Three Young at Heart RCFE facilities tie at the top of the Sacramento Medi-Cal ranking with an FYI Safety Score of 9.7: Young at Heart RCFE No. 3, No. 4, and No. 5. All three are 6-bed small care homes with zero citations and zero substantiated complaints. Young at Heart RCFE No. 3 and No. 5 also appear in our statewide top 20 ranking of safest ALW-participating California facilities.

How is the FYI Safety Score calculated?

The FYI Safety Score is computed from three components of a facility's public California state inspection record: citations from routine inspections, substantiated complaints, and recency weighting that gives more weight to recent inspections than older ones. Scores run from 1.0 to 10.0. See the full methodology at our safety score page.

Does Medi-Cal cover assisted living in California?

Yes, through the Assisted Living Waiver (ALW) program. ALW is a California Medi-Cal program that pays for assisted living and memory care for residents who meet income and care-need eligibility. Not all facilities participate; participating facilities have a contract with the state and accept ALW residents alongside private-pay residents.

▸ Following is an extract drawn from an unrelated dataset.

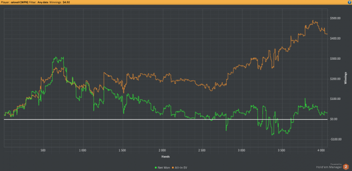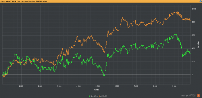 Не знаю это апнуло, но такого вон на шоудане у меня не было давно, больше 1млн. рук). Скорее всего чуть подстроился к особенности игры. Народу похер часто ты их 3бетишь или рейзишь постфлоп, они всё равно с радостью загружаются с тобой на разной хуите. Всё же часть плюса можно списать на удачное распределение по лимитам, приятнее наживать на верхних).

See our statewide guide to California Medi-Cal assisted living for the full picture.

About the author

Steve Selzer is the founder of AssistedLiving.fyi. He started this work while searching for assisted living for his mom, who has dementia, after running into the same opaque pricing, sales calls, and impossible-to-read inspection records that every family in the same situation runs into. The site exists to make the information families actually need easier to find.